By the skin of their teeth, the Hoosiers are still alive in their quest for a Big Ten Tournament title.  

The final twist in a dramatic quarterfinal battle with the fourth-seeded Gophers went the way of fifth-seeded Indiana, as the No. 27 Hoosiers (23-8, 7-4) outlasted Minnesota 4-3 in Evanston, Ill., to advance to the tournament’s semifinals for the second consecutive year.

IU overturned a late 3-2 deficit with clutch third-set theatrics by Stephen Vogl and Josh MacTaggart, avenging a home defeat to the Gophers (13-7, 8-3) by the same score earlier this month and setting up a chance for back-to-back days of redemption.  

Saturday, the Hoosiers will face No. 3 Ohio State, who have already handed them two lopsided defeats, 4-0 shutout in Columbus on January 29th and a 6-1 setback in Bloomington on March 25th.  

Before the cream and crimson could dream of revenge against the Buckeyes, though, they had to fight off a strong Minnesota team Friday afternoon in a contest that featured massive momentum shifts and fantastic finishes in both singles and doubles play.

The match began in positive fashion for the Hoosiers, as they grabbed the initial point when MacTaggart and Alastair Barnes squeaked past Leandro Toledo and Juan Pablo Ramirez at No. 2 doubles by a 9-8 (4) mark.  Earlier, Vogl and Will Kendall had beaten Jack Hamburg and Phillip Arndt 8-4 at No. 3, while the No. 77 tandem of Isade Juneau and Jeremy Langer lost 8-6 to Minnesota’s top-ranked and the country’s 37th rated duo, Rok Bonin and Julian Dehn.

After the preliminary ebb and flow of the six singles contests settled into a rhythm, a 6-3, 6-0 victory by Will Kendall at No. 5 briefly doubled IU’s advantage.  However, the Gophers’ Rok Bonin halved it almost immediately thereafter with his second defeat of Isade Juneau this month, a 6-4, 6-3 decision.
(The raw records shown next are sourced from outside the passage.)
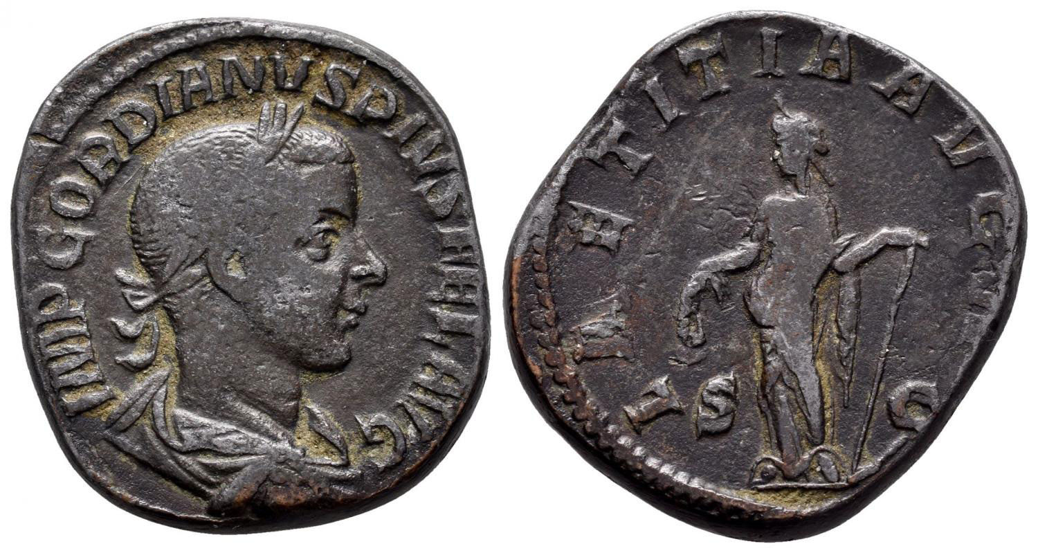 OBVERSEIMP GORDIANVS PIVS FEL AVG, laureate, draped and cuirassed bust right
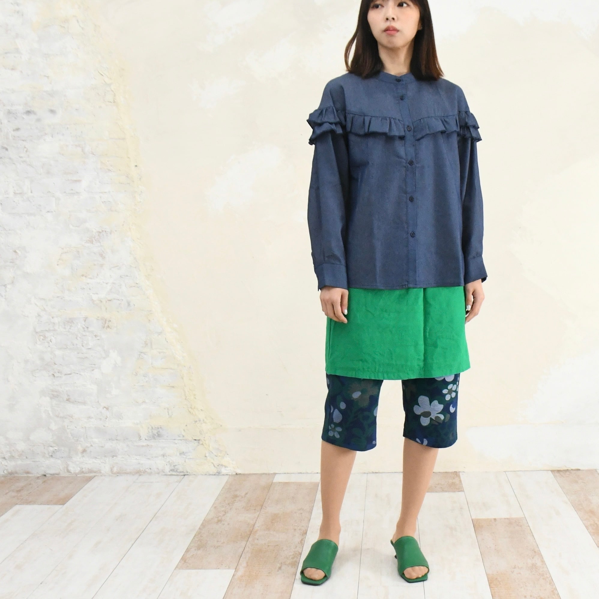 特徴のあるヒールが付いたシンプルなデザインながらも横顔がキッチュなミュール。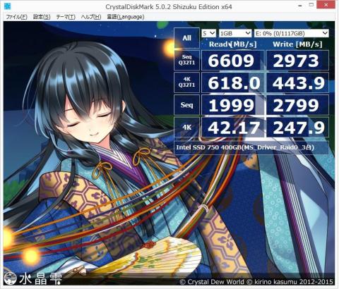 Intel SSD 750 Raid0 3台 インテルドライバ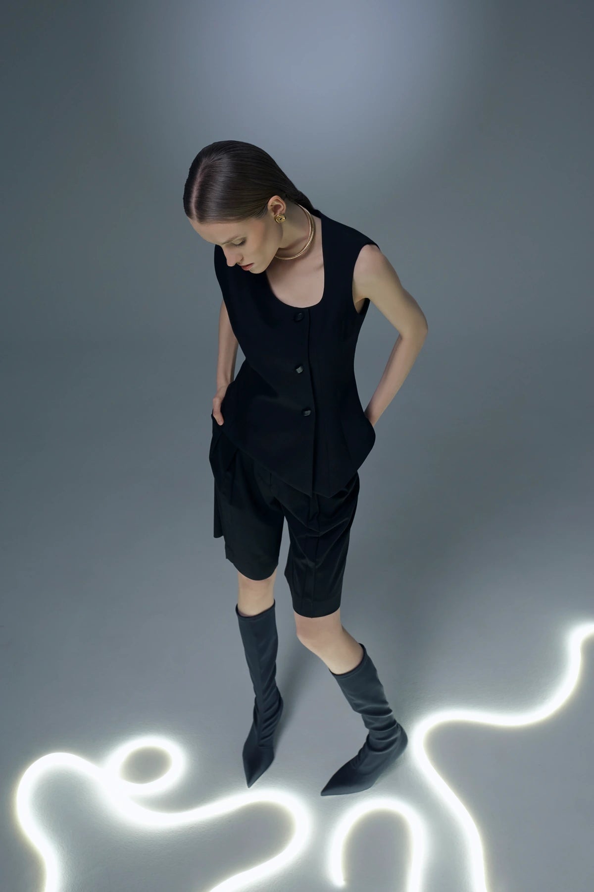 Movement flows uninterrupted through every piece. As your body navigates the day's choreography, these garments move in perfect harmony—neither restricting nor defining, but accompanying. They honor the body's wisdom while maintaining their architectural integrity. They are the timeless companions on your journey through moments both ordinary and extraordinary.

With the score now favoring the Hoosiers 2-1, IU only required a split of the match’s four remaining battles to secure a Saturday date with the Buckeyes, who had advanced earlier in the day by easing past Nebraska 4-0.  

The most likely source of an additional point looked to be MacTaggart, who had won the first set 6-4 and, with a 5-4 second set lead, and appeared to be in position to close out No. 89 Leandro Toledo.  The Big Ten Player of the Week, however, proceeded to surrender the next three games, conceding the set 7-5 and casting doubt on which Hoosier would provide the next triumph—or if it would be provided at all.

IU’s uncertain standing was made even more precarious by the state of the other three matches in action, as Jeremy Langer, Stephen Vogl, and Dimitrije Tasic had all dropped the first sets of their respective bouts.  

Then, in a stunningly swift turn of events that called to mind visions of the Gophers’ turnaround a few weeks ago, Langer and Tasic fell within moments of one another.  After Phillip Arndt beat Langer 6-2, 7-6 (3), Minnesota’s Jack Hamburg followed suit, completing a second set comeback to defeat Tasic, 6-3, 6-3.

The losses meant that the Hoosiers had seen their early two point advantage not only erased but surmounted, and now were staring down the barrel of a 3-2 deficit and further heartbreak at the hands of the Gophers.

Its margin of error suddenly reduced to zilch, IU’s only path left to team victory and a semi-final date with Ohio State required wins from both MacTaggart and Vogl, who were both entrenched in tension-wrought third sets.  

The task became less daunting almost immediately, though, thanks to an early MacTaggart surge, which propelled him to a 3-0 advantage, while Vogl played Julian Dehn even through the first four games, arriving at a 2-2 tally.  Though Toledo clawed his way to a trio of games in the final set, he ultimately bowed out to MacTaggart, whose 6-4, 5-7, 6-3 triumph evened the overall score at 3-3, setting the stage for a winner-take-all denouement starring Vogl and Julian Dehn.

After gaining a break only to give it back, Vogl avoided a tiebreak—and heartbreak—by taking the last two games of the 4-6, 7-6 (4), 7-5 contest, finally supplying the Hoosiers with the point they needed to book their place in Saturday’s semifinals.